Calculating the multiplicative inverse of a number in $GF(2^n)$ where $n > 8$

Question

Suppose that:

• We have a polynomial $g(x)$ of degree $n$.
• $n > 8$.
• $q$ is the multiplicative inverse of $p$ in $G(2^n)$ modulo $g(x)$. If $p = 0$, then $q = 0$.

This could be used:

• As a non-linear substitution stage in a block cipher, where $y_i = S(x_i)$ and $S: \{0, 1\}^{16} \rightarrow \{0, 1\}^{16}$.
• In the decryption routine of a block cipher, where the round keys are used in finite field multiplication during encryption and their inverses need to be known for decryption.

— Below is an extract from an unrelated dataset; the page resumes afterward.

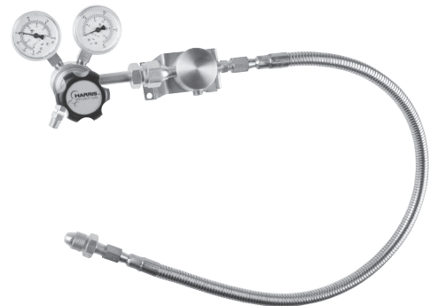
Shown with Model 741 Regulator Attached

I've seen log/antilog tables presented as the "standard" solution for calculating multiplicative inverses over a finite field, but if $n$ is bigger than 8, like, say, 16 or 40, that's going to take a very long time. What would be another method of calculating $p$'s $q$ that would consume less time and computational resources?

Answer 1

First, let us take AES as an example.

We have $\operatorname{GF}(2^8)$ where each bit represent the coefficient of a polynomial in $\operatorname{GF}(2)[X]$. The modulo reduction is done with $$p(x) = x^8 + x^4 + x^3 + x+ 1$$

Thus you can generate all the elements from a $1$ to $255$ and this forms a cyclic group : $<g^1, g^{\ldots}, g^{255}>$

Notice that:
$g^{2^8-1} = g \iff g^{255} = g$
or:
$g \cdot g^{2^8-2} = 1 \iff g \cdot g^{254} = 1$
thus $g^{254}$ is the inverse of $g$ or in other words:

Computing the $254^{th}$ power of an element give its inverse (more here)

This exponentiation can be quickly done using square-and-multiply.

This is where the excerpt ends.